The model is run and output is viewed just as before, using the ``mxRun`` function, ``$output`` and the ``summary()`` function to run, view and summarize the completed model.
Multivariate Regression
-----------------------
The structural modeling approach allows for the inclusion of not only multiple independent variables (i.e., multiple regression), but multiple dependent variables as well (i.e., multivariate regression). Versions of multivariate regression are sometimes fit under the heading of path analysis.
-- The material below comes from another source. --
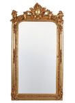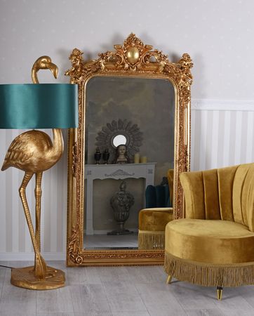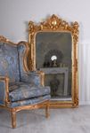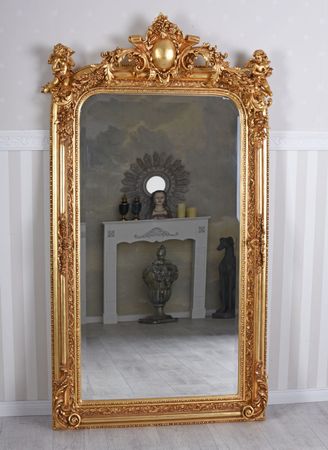 IL Trumeau Mirror "Château" È un camino impressionante e uno specchio in piedi in un sontuoso stile rococo, che, con le sue magnifiche dorature, delicate figure amorial, trasforma ogni stanza in un capolavoro barocco come decorazioni di stucco armonico e artistico. Realizzato in solido Legno e stucco E raffinato in patina elaborata a mano, la cornice si comporta come un autentico antico del 18 ° Secolo.
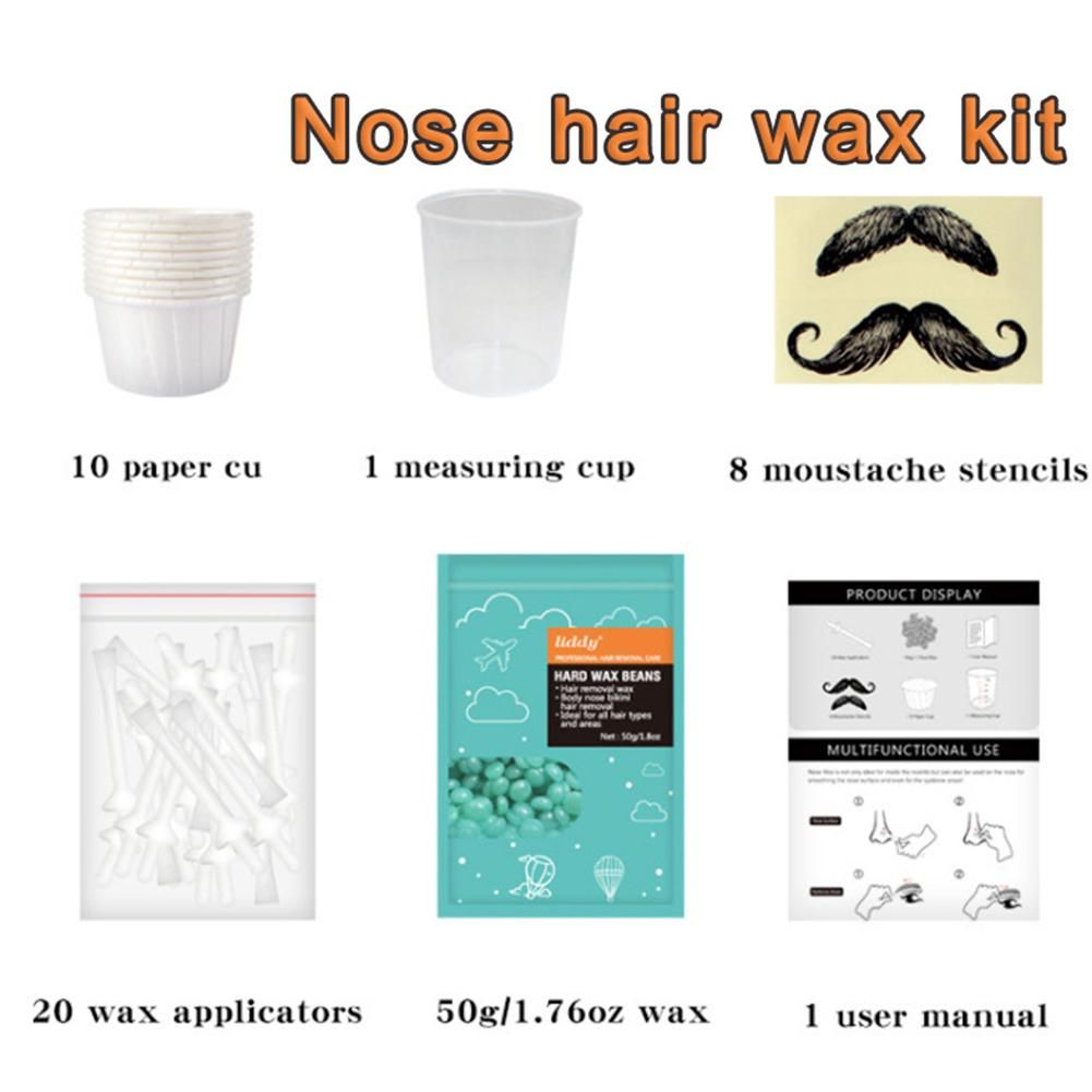 Description:Product Name: Nose Hair Removal KitSuitable for skin: mixed skinHair removal parts: bikini parts, face, legs, arms, axillaShelf life: 18 monthsRaw materials: resin Applicable crowd: universalNet content: 50gIngredients: ResinProduct Series: Hair removalName: 5Pcs Nose Kit?Packing size: about 10x10x10 (cm)Suitable for the crowd: unihow to use:Step 1: Melt the beans (methods A and B) Put the beans in a paper cup, add 60ml of hot water to the vector cup, then place the paper cup on the measuring cup until the beans are completely melted (usually it takes 2-3 minute).Step 2: Dip the ing stick in the melted .Step 3: Put the into the nostril Insert the stick into the nostril, turn the stick gently, and then push the alar of the nose to make the and the nose hair in close contact. Then, don't let the ing stick move. Leave the stick in the nostril for at least 90 seconds, but no more than 2 minutes.Step 4: Pull out the stick. Hold the nose tightly with one hand, and quickly pull the stick down with the other hand.feature:1. Disposable electrical appliances, safe and hygienic, discard after use, can 2. Removing hair from the root can slow down the growth of nose hair, and the hair removal effect is long-lasting.3.【PROFESSIONAL NOSE HAIR 】 Suitable for any skin natural ingredients beans, hair removal kit includes specially designed safety applicator, use OAKEER nose hair removal beans to enjoy safe and painless hair removal, also can be used for facial hair removal, ear hair removal, I believe you will get the highest satisfaction from using OAKEER nose nose hair removal kit.4.【USER-FRIENDLY AND SAFE】Our Nose Hair Removal ing Kit included specially designed safe applicator allows easy insertion into the nose, with natural beads for hair removal, to target only visible long nose hairs around the edge of the nostrils, whilst not touching the cilia, leaving the ant hair deep inside the nose undisturbed. It is also an eyebrow .5.【 FAST and PAINLESS 】Our nose hair removal ing kit is preferred,unlike shaving,the hair stays away much longer. Nose ing kit removes hair from the follicle, Pulls nose hairs from the root, leaving results that can last up to 4 weeks, 360° degree thoroughly cleaned .Packing list:100ml Measuring Cup x 1Nose Hair Beads x 100gBeard patch x 8oil-proof Paper Cups x 10Nose hair stick x 20Name: StickPacking specification: 50 piecesProduct material: PP plastic

This model will extend the simple and multiple regression frameworks we've discussed above, adding a second dependent variable *w*.
.. math::
:nowrap:
\begin{eqnarray*}
y = \beta_{y} + \beta_{yx} * x + \beta_{yz} * z + \epsilon_{y}\\
w = \beta_{w} + \beta_{wx} * x + \beta_{wz} * z + \epsilon_{w}
\end{eqnarray*}
.. image:: graph/MultivariateRegression.png
:height: 2in
We now have twice as many regression parameters, a second residual variance, and the same means, variances and covariances of our independent variables. As with all of our other examples, this is a fully saturated model.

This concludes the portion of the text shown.